(Stored data entries)
┌────────
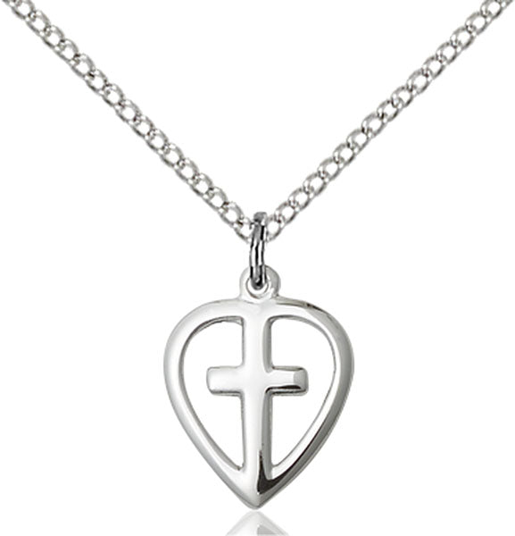 - Sterling Silver Heart / Cross Pendant, Sterling Silver Lite Curb Chain
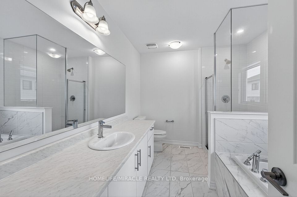 Location!!Location!! Just 1 Year New freehold double car detached home available for Sale| Over 2,550 Sq Ft with 5 Bedroom at Prime South Barrie Location - Welcome to this stunning, new home offering 2,569 sq ft of beautifully designed living space in one of Barrie most sought-after, family-friendly neighborhoods. Featuring 5 spacious bedrooms upstairs plus a main floor office/Den. This home delivers the space and flexibility modern families need. The inviting grand foyer with 9-ft ceilings leads into a stylish, open-concept main floor with rich hardwood flooring, a separate sitting room, and an entertainers dream kitchen, complete with a large center island, breakfast bar, stainless steel appliances, and casual eat-in dining. The adjoining living room is bright and welcoming- perfect for hosting or relaxing together as a family. Upstairs, the primary suite offers the perfect escape, with two generous walk-in closets, a private 4-piece ensuite, and beautiful natural light. You'll also find four additional large bedrooms, convenient second-floor laundry, and another full 4-piece bath. The unfinished basement is a blank canvas with endless possibilities add bedrooms, a home gym, rec room, or an in-law suite with ease. Additional Highlights: Double car garage with inside entry, Main floor 2-piece powder room, Steps to the Barrie South GO Station, Costo. Hwy 400, Yonge St, Surrounded by top-rated schools, trails, parks, shopping & restaurant. Come see the lifestyle that awaits. Prime location with a beautiful park right at your doorstep and no front neighbors just a tranquil park setting steps from your door. Some photos have been virtually staged to help visualize the potential of the space.
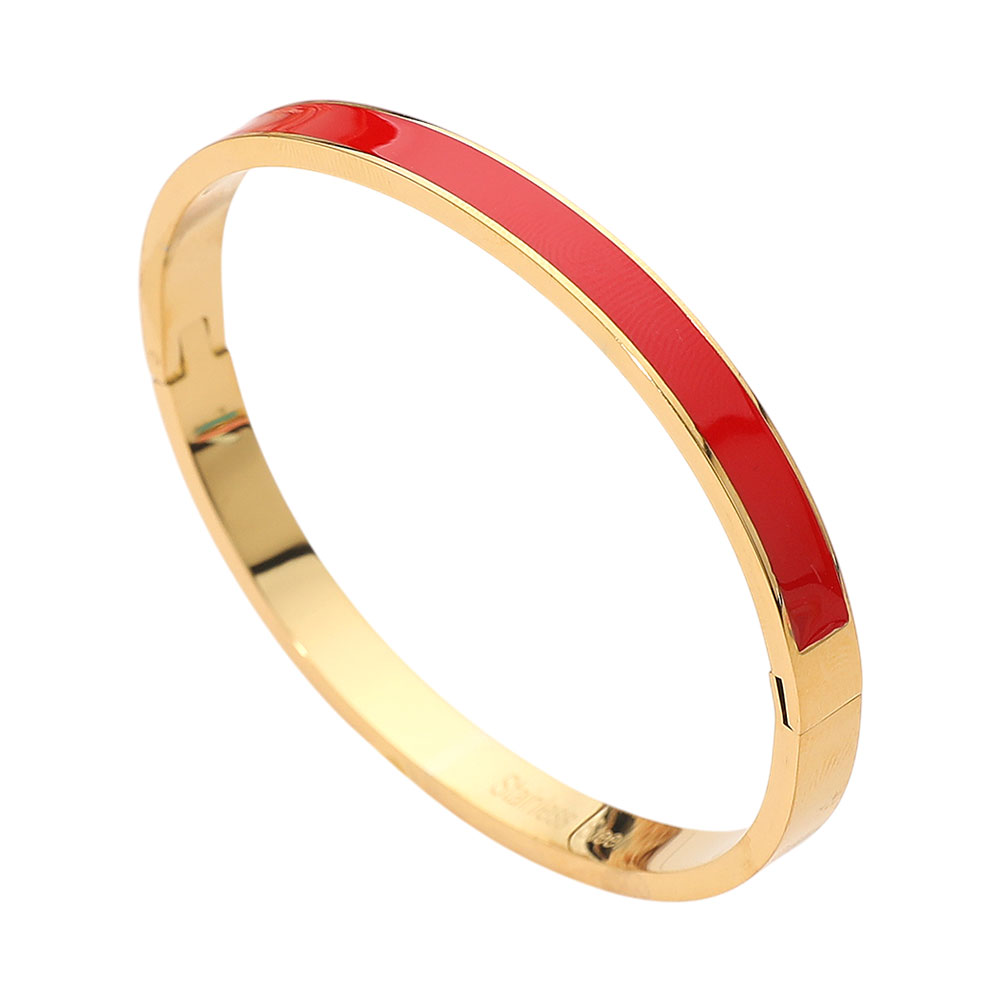 Stainless Steel Enamel Inlay Hinged Bangle Bracelet
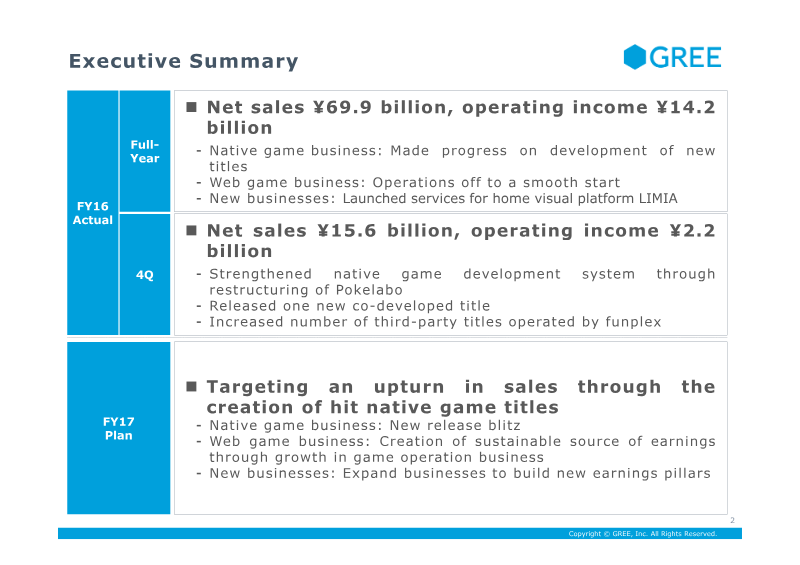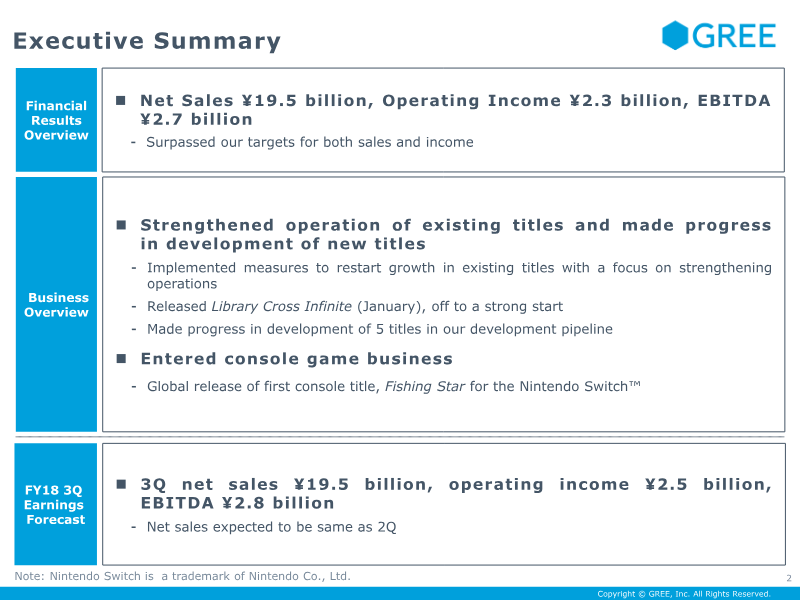 The quarterly results demonstrate a robust first‑quarter performance for FY2018, with net sales reaching ¥21.6 billion and operating income of ¥2.7 billion, reflecting a 17.1 % year‑over‑year increase and a 25 % quarter‑on‑quarter rise in sales. EBITDA stood at ¥3.1 billion, up from a negative figure the previous quarter, underscoring improved profitability after a sharp rebound in operating income. The company attributes growth to full‑scale operation of existing hit titles, aggressive media investment, and the launch of a new title in October. Advertising spend surged to ¥2.33 billion, driven by media‑operations expansion and promotional activities such as TV commercials, while labor costs fell due to overseas base closures. Financial forecasts for the first half of FY2018 project net sales of ¥40.5 billion and operating income of ¥4.5 billion, assuming a temporary dip in sales from mature titles and conservative earnings targets for new releases. The company plans continued investment in advertising to support high‑growth business segments. Operationally, the native game portfolio expanded from one released title to five in development, including first‑party and third‑party IPs. Existing titles received major updates and large‑scale collaborations, boosting coin consumption to 15 billion units in the quarter. The advertising and media arm reported a 2.4× QoQ increase in page views, driven by the LIMIA app’s growth to over one million monthly active users. Geographically, revenue is split between domestic and overseas markets, with overseas operations contributing a growing share of sales. The company’s headcount totaled 1,424 employees across game entertainment, advertising, and corporate functions. Overall, FY2018 Q1 results indicate strong top‑line momentum, improved profitability, and a strategic focus on expanding both domestic and international market presence.
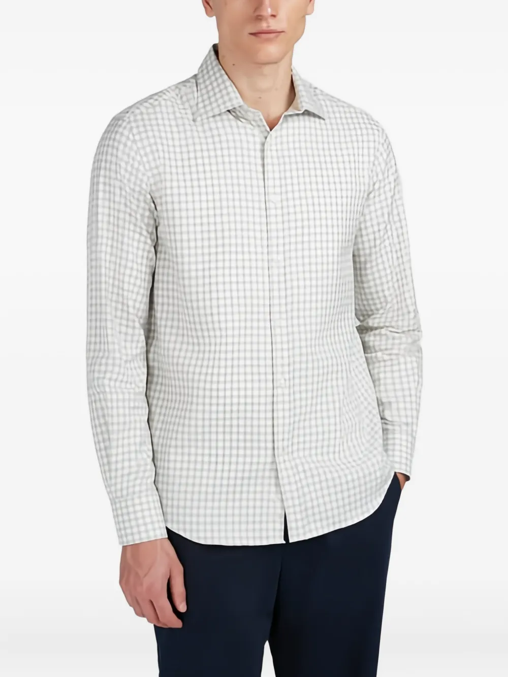 Белый в клетку длинные рукава застежка на пуговицы воротник поло хлопок
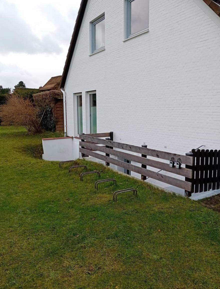 Die Ferienwohnung besticht durch ihren großzügigen Außenbereich, der Teil eines ca. 2.000 m² großen Gemeinschaftsgartens ist. Dieser Garten bietet reichlich Platz zum Spielen und Verweilen und lädt dazu ein, die Ruhe und die Schönheit der Amrumer Natur zu genießen. Die Lage der Wohnung ist äußerst vorteilhaft: Direkt in der Nähe des Nebeler Badestrandes und gut erreichbar von der Ortsmitte. In unmittelbarer Umgebung befinden sich zahlreiche Einkaufsmöglichkeiten, Restaurants und die Bushaltestelle, die den Zugang zu den Attraktionen der Region erleichtern. Parkmöglichkeiten sind ebenfalls gegeben, da mehrere PKW-Stellplätze direkt am Haus zur Verfügung stehen. Diese Kombination aus Ruhe und zentraler Lage macht den Außenbereich der Ferienwohnung zu einem idealen Ort für erholsame Stunden im Freien.
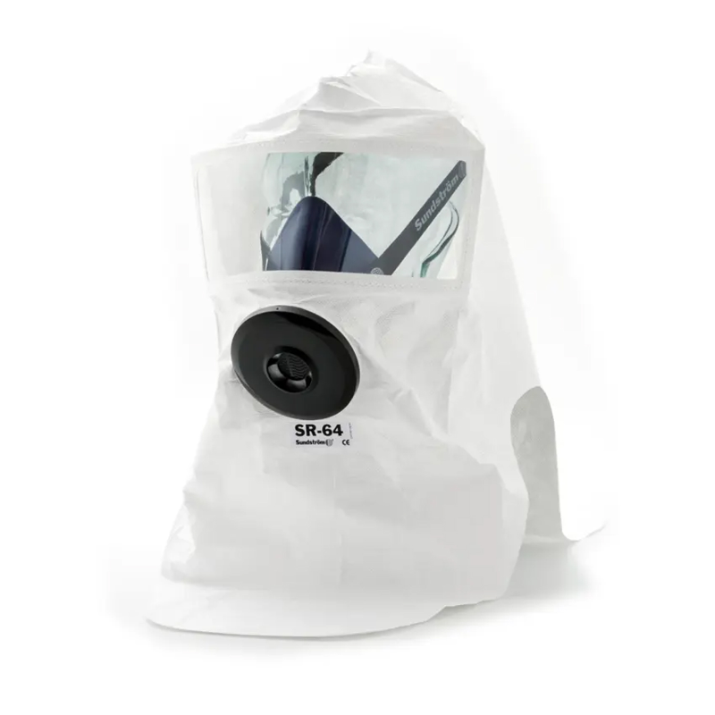 The SR 64 protective hood is designed for use together with Sundström half masks and full face masks with filters or the SR 307 compressed air attachment, and with the SR 90 Airline. The hood provides protection against dust and particles, and against a minor amount of splashing and dripping. The SR 64 is made of non-woven material (Tyvek®) and can be used in any situation in which a half mask can be employed. However, the hood does not provide protection against toxic, aggressive or irritating vapours or aerosols. The hood is intended for short-time use and is not suitable for cleaning.
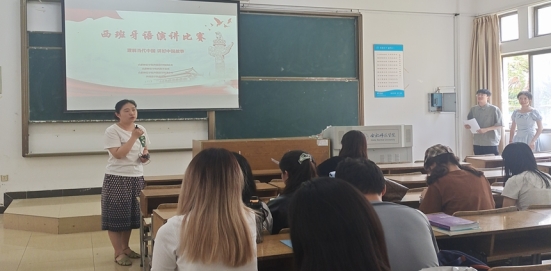 本网讯 6月16日,由ok138cn太阳集团西班牙语系、分团委举办的“理解当代中国,讲好中国故事---用西班牙语讲好中国故事”西语朗诵演讲比赛锦绣校区和滨湖校区同步举行。出席比赛的有西班牙语系主任张照、教师张弩、肖傲、陈玥。西班牙语系全体学生参与比赛。
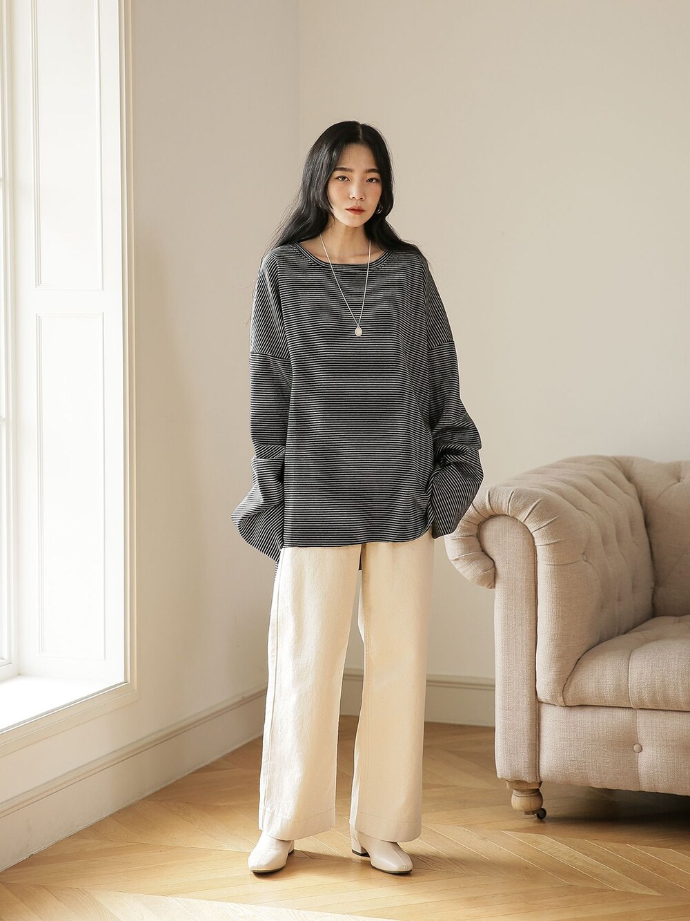UNE MANSIONのTシャツ/カットソー「ボーダーオーバーサイズワイドスリーブロングTシャツ」を使ったコーディネート
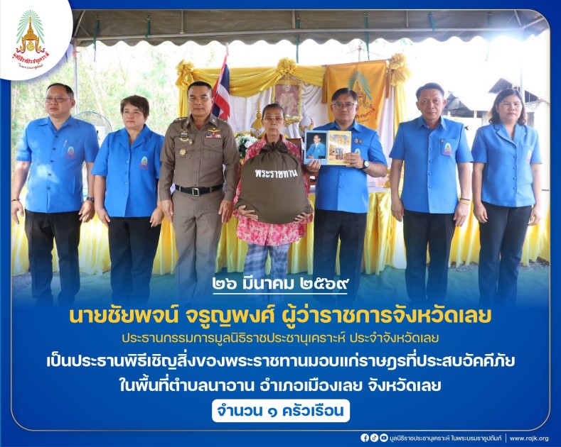เป็นประธานพิธีเชิญสิ่งของพระราชทานมอบแก่ราษฎรที่ประสบอัคคีภัย ในพื้นที่ตำบลนาอาน อำเภอเมืองเลย จังหวัดเลย
└────────
### Problem description
All entries above, minus the pictures, should be repeated exactly.

### Result of the task
 - Sterling Silver Heart / Cross Pendant, Sterling Silver Lite Curb Chain
 Location!!Location!! Just 1 Year New freehold double car detached home available for Sale| Over 2,550 Sq Ft with 5 Bedroom at Prime South Barrie Location - Welcome to this stunning, new home offering 2,569 sq ft of beautifully designed living space in one of Barrie most sought-after, family-friendly neighborhoods. Featuring 5 spacious bedrooms upstairs plus a main floor office/Den. This home delivers the space and flexibility modern families need. The inviting grand foyer with 9-ft ceilings leads into a stylish, open-concept main floor with rich hardwood flooring, a separate sitting room, and an entertainers dream kitchen, complete with a large center island, breakfast bar, stainless steel appliances, and casual eat-in dining. The adjoining living room is bright and welcoming- perfect for hosting or relaxing together as a family. Upstairs, the primary suite offers the perfect escape, with two generous walk-in closets, a private 4-piece ensuite, and beautiful natural light. You'll also find four additional large bedrooms, convenient second-floor laundry, and another full 4-piece bath. The unfinished basement is a blank canvas with endless possibilities add bedrooms, a home gym, rec room, or an in-law suite with ease. Additional Highlights: Double car garage with inside entry, Main floor 2-piece powder room, Steps to the Barrie South GO Station, Costo. Hwy 400, Yonge St, Surrounded by top-rated schools, trails, parks, shopping & restaurant. Come see the lifestyle that awaits. Prime location with a beautiful park right at your doorstep and no front neighbors just a tranquil park setting steps from your door. Some photos have been virtually staged to help visualize the potential of the space.
 Stainless Steel Enamel Inlay Hinged Bangle Bracelet
 The quarterly results demonstrate a robust first‑quarter performance for FY2018, with net sales reaching ¥21.6 billion and operating income of ¥2.7 billion, reflecting a 17.1 % year‑over‑year increase and a 25 % quarter‑on‑quarter rise in sales. EBITDA stood at ¥3.1 billion, up from a negative figure the previous quarter, underscoring improved profitability after a sharp rebound in operating income. The company attributes growth to full‑scale operation of existing hit titles, aggressive media investment, and the launch of a new title in October. Advertising spend surged to ¥2.33 billion, driven by media‑operations expansion and promotional activities such as TV commercials, while labor costs fell due to overseas base closures. Financial forecasts for the first half of FY2018 project net sales of ¥40.5 billion and operating income of ¥4.5 billion, assuming a temporary dip in sales from mature titles and conservative earnings targets for new releases. The company plans continued investment in advertising to support high‑growth business segments. Operationally, the native game portfolio expanded from one released title to five in development, including first‑party and third‑party IPs. Existing titles received major updates and large‑scale collaborations, boosting coin consumption to 15 billion units in the quarter. The advertising and media arm reported a 2.4× QoQ increase in page views, driven by the LIMIA app’s growth to over one million monthly active users. Geographically, revenue is split between domestic and overseas markets, with overseas operations contributing a growing share of sales. The company’s headcount totaled 1,424 employees across game entertainment, advertising, and corporate functions. Overall, FY2018 Q1 results indicate strong top‑line momentum, improved profitability, and a strategic focus on expanding both domestic and international market presence.
 Белый в клетку длинные рукава застежка на пуговицы воротник поло хлопок
 Die Ferienwohnung besticht durch ihren großzügigen Außenbereich, der Teil eines ca. 2.000 m² großen Gemeinschaftsgartens ist. Dieser Garten bietet reichlich Platz zum Spielen und Verweilen und lädt dazu ein, die Ruhe und die Schönheit der Amrumer Natur zu genießen. Die Lage der Wohnung ist äußerst vorteilhaft: Direkt in der Nähe des Nebeler Badestrandes und gut erreichbar von der Ortsmitte. In unmittelbarer Umgebung befinden sich zahlreiche Einkaufsmöglichkeiten, Restaurants und die Bushaltestelle, die den Zugang zu den Attraktionen der Region erleichtern. Parkmöglichkeiten sind ebenfalls gegeben, da mehrere PKW-Stellplätze direkt am Haus zur Verfügung stehen. Diese Kombination aus Ruhe und zentraler Lage macht den Außenbereich der Ferienwohnung zu einem idealen Ort für erholsame Stunden im Freien.
 The SR 64 protective hood is designed for use together with Sundström half masks and full face masks with filters or the SR 307 compressed air attachment, and with the SR 90 Airline. The hood provides protection against dust and particles, and against a minor amount of splashing and dripping. The SR 64 is made of non-woven material (Tyvek®) and can be used in any situation in which a half mask can be employed. However, the hood does not provide protection against toxic, aggressive or irritating vapours or aerosols. The hood is intended for short-time use and is not suitable for cleaning.
 本网讯 6月16日,由ok138cn太阳集团西班牙语系、分团委举办的“理解当代中国,讲好中国故事---用西班牙语讲好中国故事”西语朗诵演讲比赛锦绣校区和滨湖校区同步举行。出席比赛的有西班牙语系主任张照、教师张弩、肖傲、陈玥。西班牙语系全体学生参与比赛。
UNE MANSIONのTシャツ/カットソー「ボーダーオーバーサイズワイドスリーブロングTシャツ」を使ったコーディネート
เป็นประธานพิธีเชิญสิ่งของพระราชทานมอบแก่ราษฎรที่ประสบอัคคีภัย ในพื้นที่ตำบลนาอาน อำเภอเมืองเลย จังหวัดเลย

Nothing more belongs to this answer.